Data extracts:
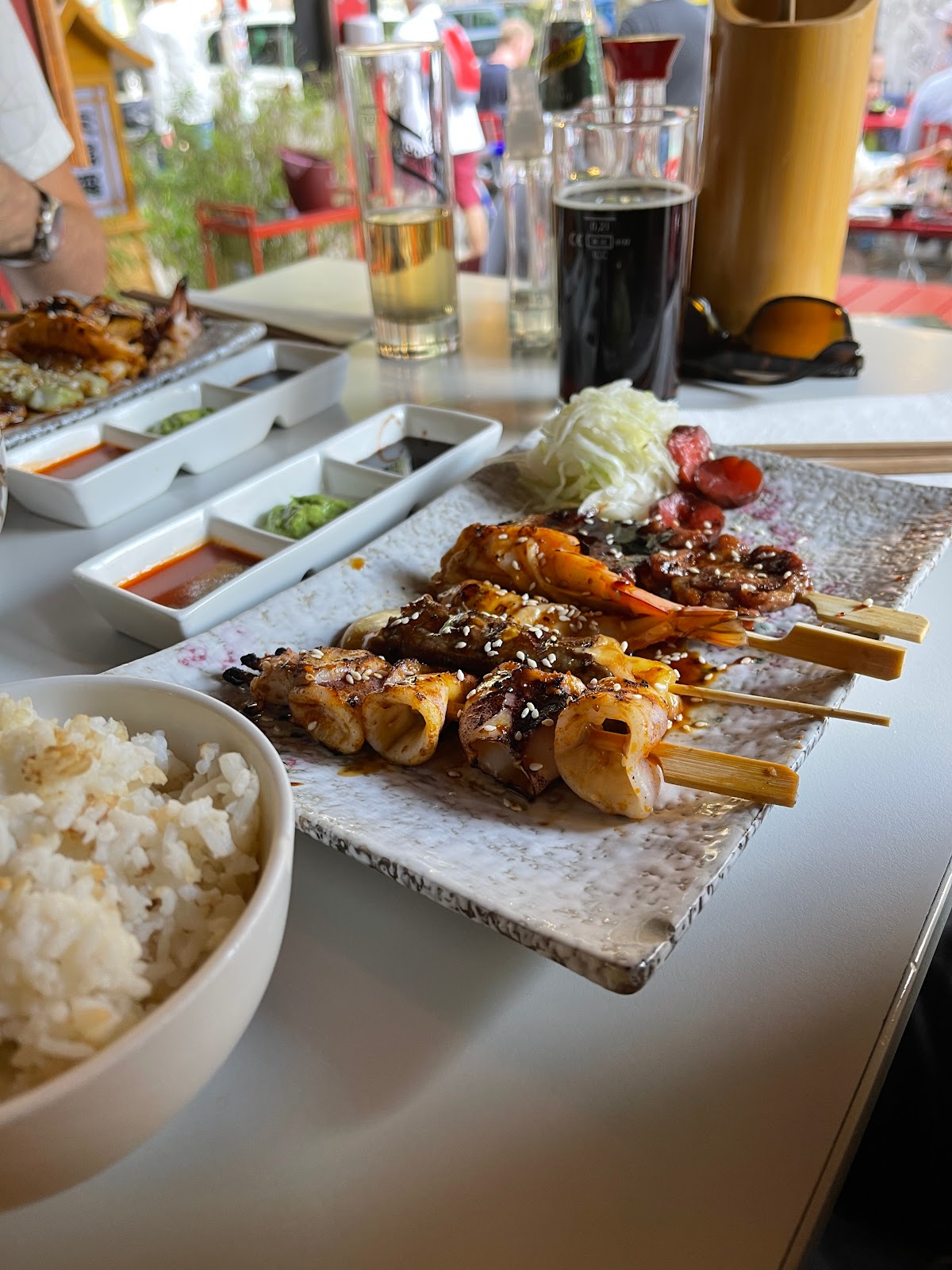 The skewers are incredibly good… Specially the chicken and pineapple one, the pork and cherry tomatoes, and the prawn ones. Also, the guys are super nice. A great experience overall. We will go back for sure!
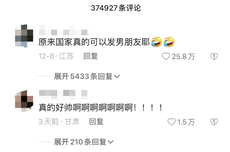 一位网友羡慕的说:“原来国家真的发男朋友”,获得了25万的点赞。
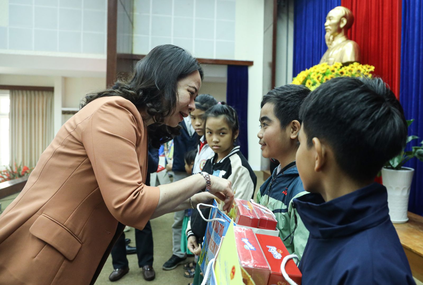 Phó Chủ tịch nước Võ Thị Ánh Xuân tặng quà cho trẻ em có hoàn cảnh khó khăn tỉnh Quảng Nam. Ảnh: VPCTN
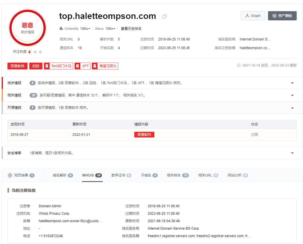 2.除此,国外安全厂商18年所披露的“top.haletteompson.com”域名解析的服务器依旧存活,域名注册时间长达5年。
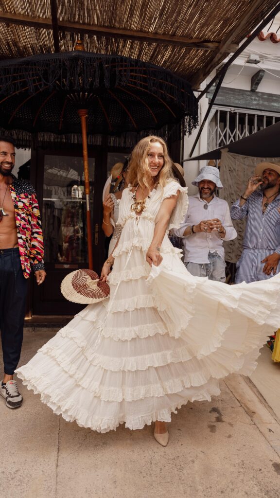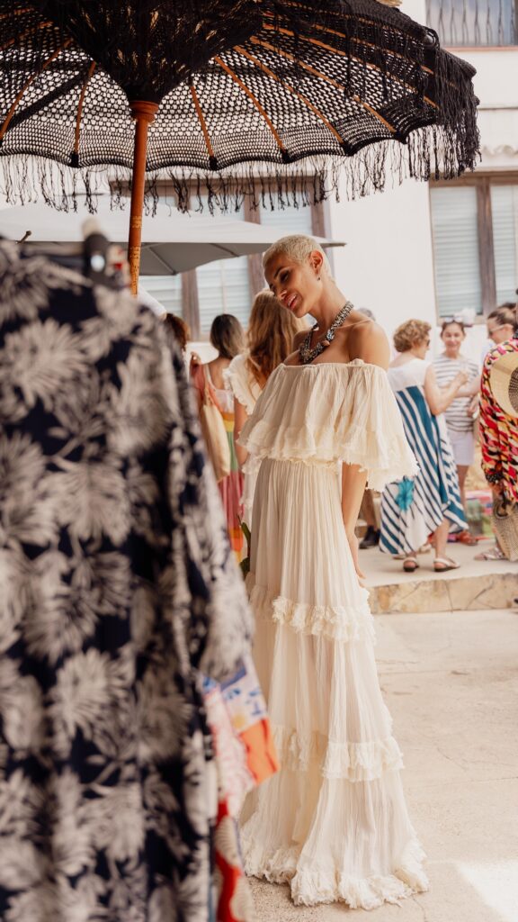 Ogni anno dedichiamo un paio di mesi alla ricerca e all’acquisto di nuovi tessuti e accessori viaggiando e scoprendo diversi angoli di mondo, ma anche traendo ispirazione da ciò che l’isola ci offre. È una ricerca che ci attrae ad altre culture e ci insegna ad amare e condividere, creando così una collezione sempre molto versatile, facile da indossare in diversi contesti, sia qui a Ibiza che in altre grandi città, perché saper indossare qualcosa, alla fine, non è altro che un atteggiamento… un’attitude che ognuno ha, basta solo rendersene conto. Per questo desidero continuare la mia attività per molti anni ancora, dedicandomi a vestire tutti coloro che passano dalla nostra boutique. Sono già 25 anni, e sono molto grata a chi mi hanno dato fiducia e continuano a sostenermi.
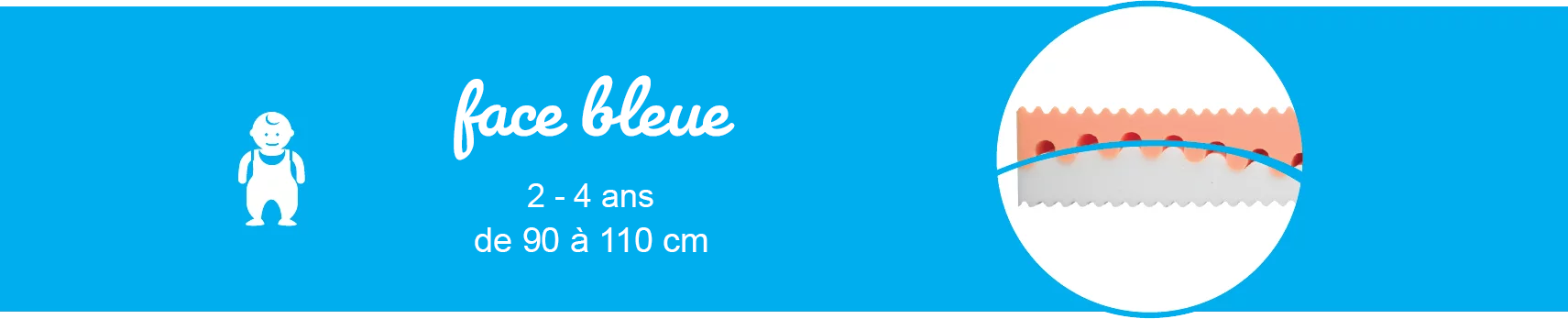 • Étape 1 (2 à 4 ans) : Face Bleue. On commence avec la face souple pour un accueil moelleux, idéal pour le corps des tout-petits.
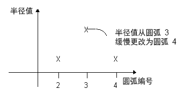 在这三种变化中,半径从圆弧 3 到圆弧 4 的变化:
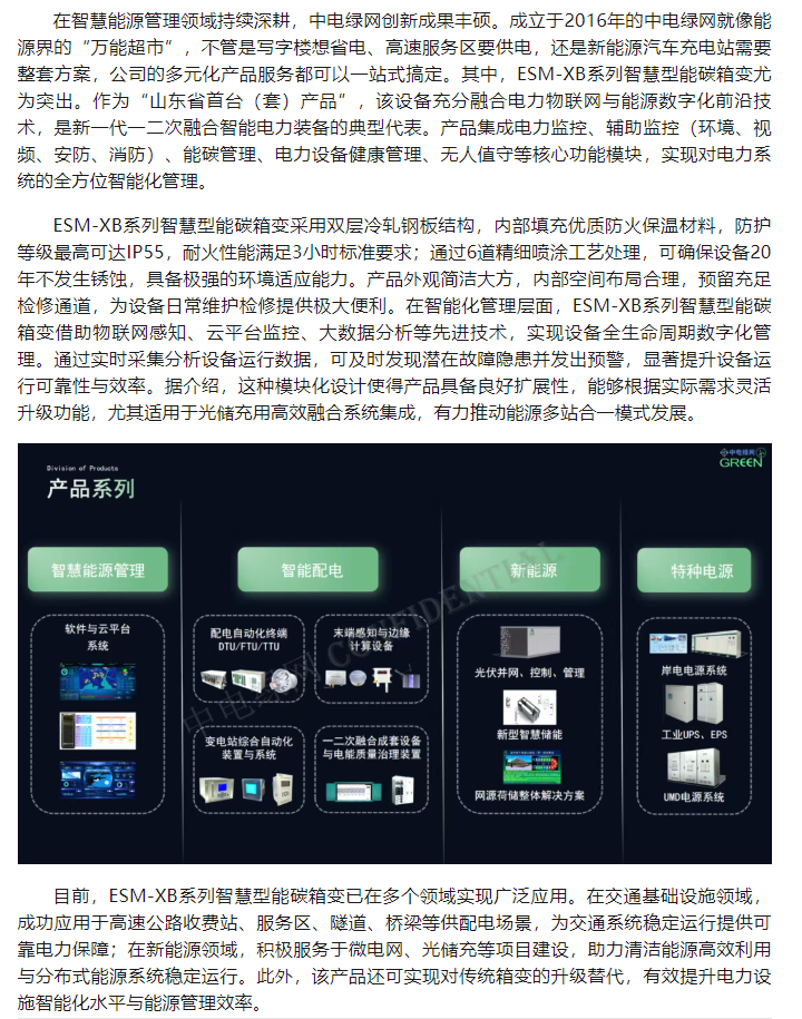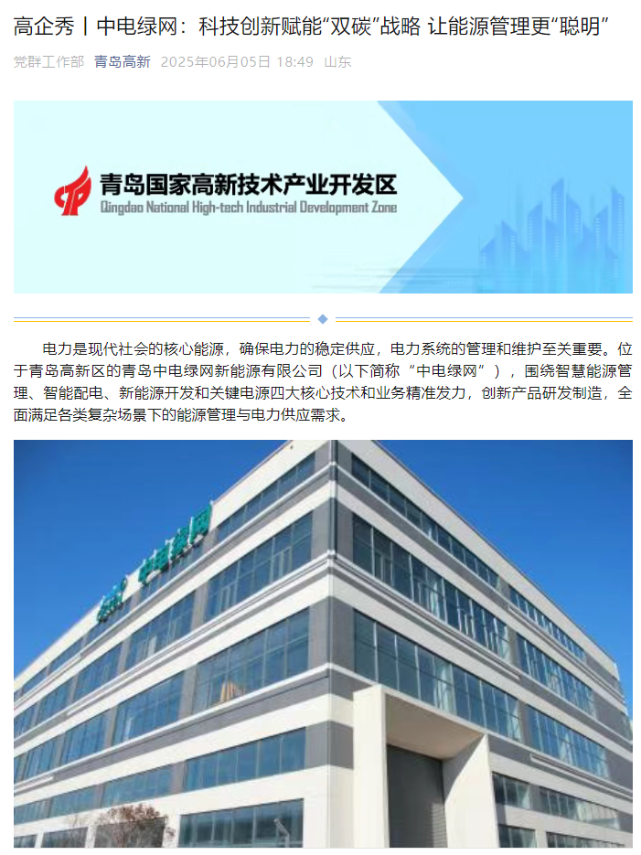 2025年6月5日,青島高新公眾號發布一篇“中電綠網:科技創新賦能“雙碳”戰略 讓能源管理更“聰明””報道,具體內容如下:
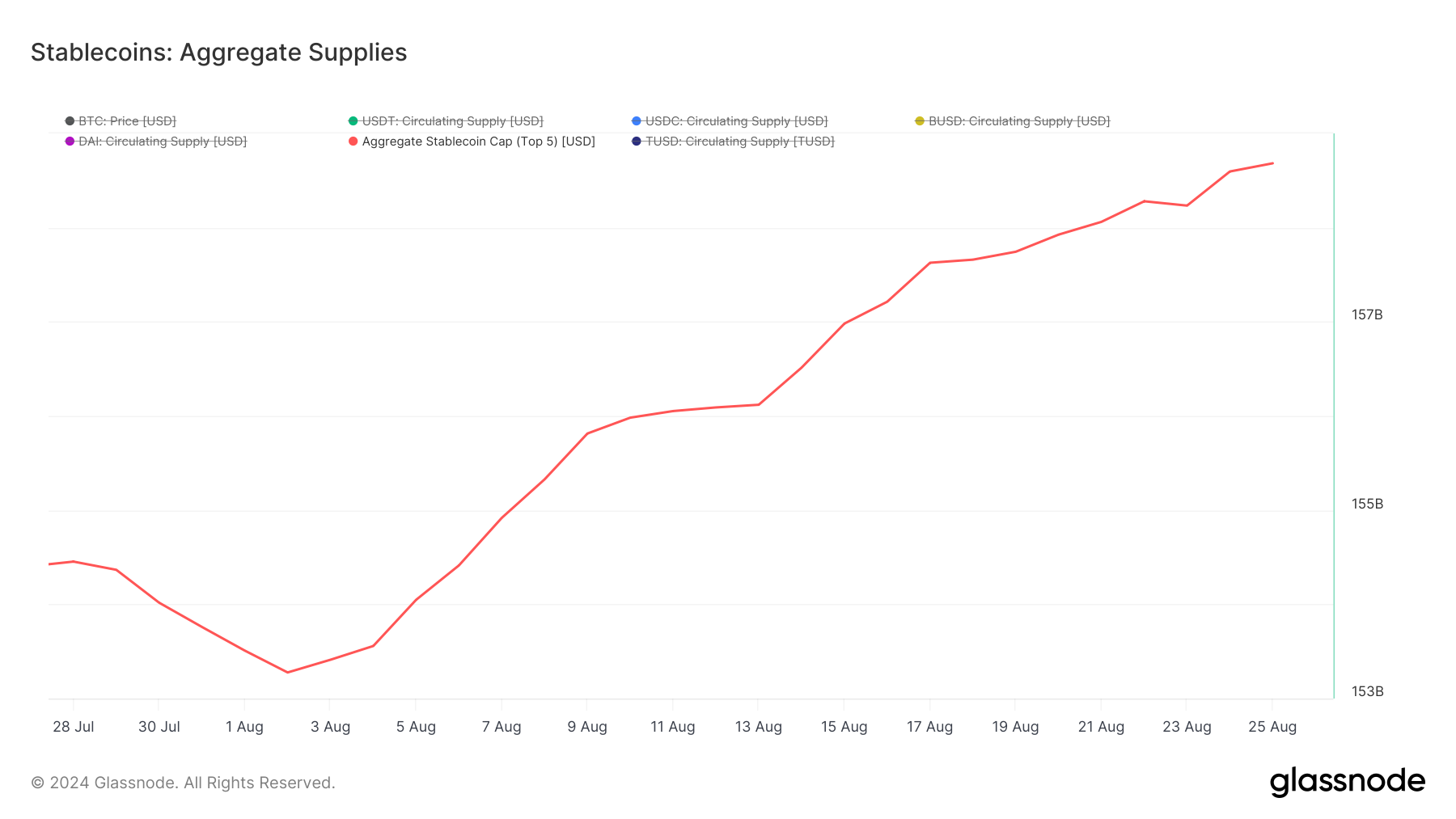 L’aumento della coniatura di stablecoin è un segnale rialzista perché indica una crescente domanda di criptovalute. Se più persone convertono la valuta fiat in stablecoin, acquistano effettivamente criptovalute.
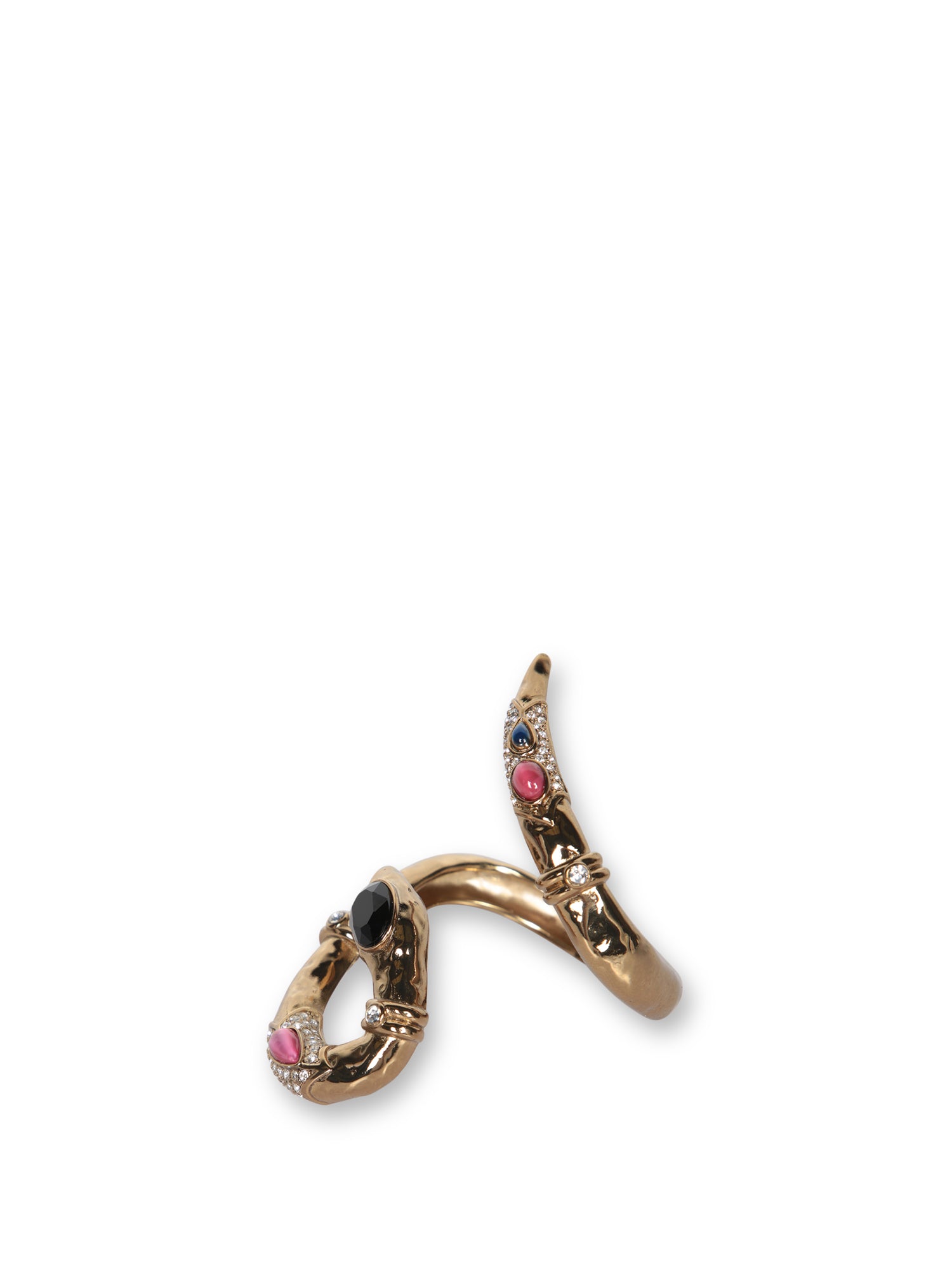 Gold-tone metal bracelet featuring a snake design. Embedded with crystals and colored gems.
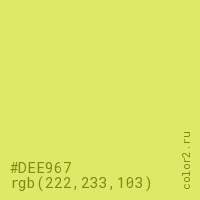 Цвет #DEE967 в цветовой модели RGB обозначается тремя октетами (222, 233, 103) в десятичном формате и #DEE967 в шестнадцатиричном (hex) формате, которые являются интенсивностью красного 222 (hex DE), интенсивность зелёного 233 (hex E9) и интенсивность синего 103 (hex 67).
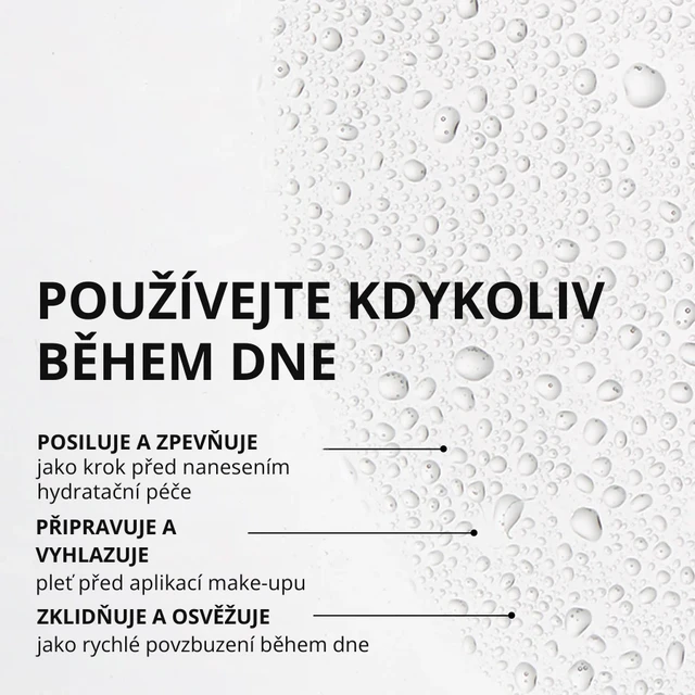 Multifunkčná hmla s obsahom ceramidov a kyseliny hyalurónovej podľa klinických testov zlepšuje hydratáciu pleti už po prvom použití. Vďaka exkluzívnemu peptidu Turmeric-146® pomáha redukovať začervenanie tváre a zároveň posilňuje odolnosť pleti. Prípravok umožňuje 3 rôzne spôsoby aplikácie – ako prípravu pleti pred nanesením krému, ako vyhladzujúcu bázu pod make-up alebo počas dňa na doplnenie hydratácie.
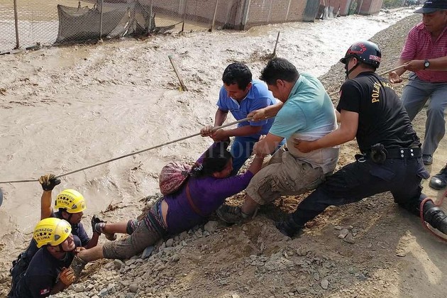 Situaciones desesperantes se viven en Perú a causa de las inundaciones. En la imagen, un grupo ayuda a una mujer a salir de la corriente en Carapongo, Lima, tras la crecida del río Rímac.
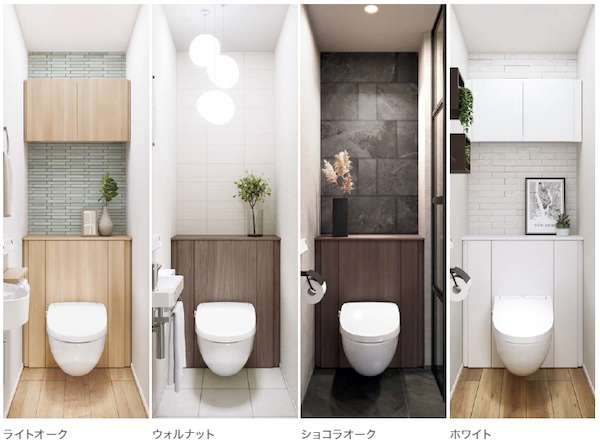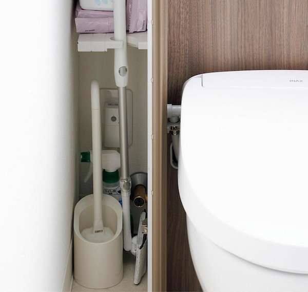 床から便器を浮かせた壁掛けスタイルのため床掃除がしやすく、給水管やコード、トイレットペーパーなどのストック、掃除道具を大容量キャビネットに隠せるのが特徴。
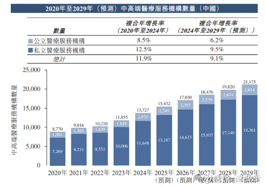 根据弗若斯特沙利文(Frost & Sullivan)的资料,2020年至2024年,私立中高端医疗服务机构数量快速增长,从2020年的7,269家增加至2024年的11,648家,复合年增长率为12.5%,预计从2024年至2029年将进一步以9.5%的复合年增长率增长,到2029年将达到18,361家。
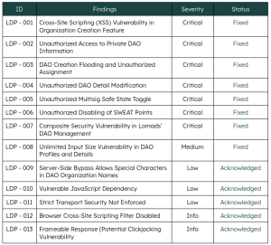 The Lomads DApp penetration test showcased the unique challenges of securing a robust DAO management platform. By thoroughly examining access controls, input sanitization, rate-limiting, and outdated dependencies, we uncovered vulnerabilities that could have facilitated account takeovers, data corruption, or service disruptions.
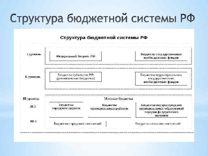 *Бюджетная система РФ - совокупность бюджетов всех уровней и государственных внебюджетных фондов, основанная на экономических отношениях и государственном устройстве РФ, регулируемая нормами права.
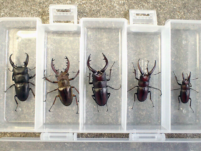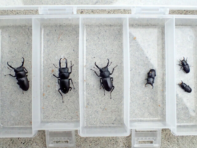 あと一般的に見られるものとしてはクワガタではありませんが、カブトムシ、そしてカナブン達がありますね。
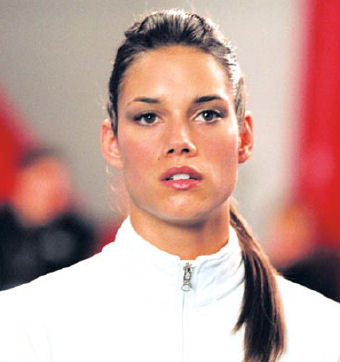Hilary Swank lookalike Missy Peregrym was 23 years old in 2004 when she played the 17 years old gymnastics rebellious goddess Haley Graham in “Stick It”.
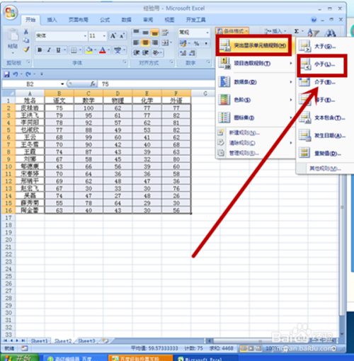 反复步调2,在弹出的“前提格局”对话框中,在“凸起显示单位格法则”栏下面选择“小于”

Task to carry out: Starting at the line that contains "Hilary Swank lookalike", reproduce each line exactly through the end of the entries above, leaving every picture out.

Reply to the task:
Hilary Swank lookalike Missy Peregrym was 23 years old in 2004 when she played the 17 years old gymnastics rebellious goddess Haley Graham in “Stick It”.
 反复步调2,在弹出的“前提格局”对话框中,在“凸起显示单位格法则”栏下面选择“小于”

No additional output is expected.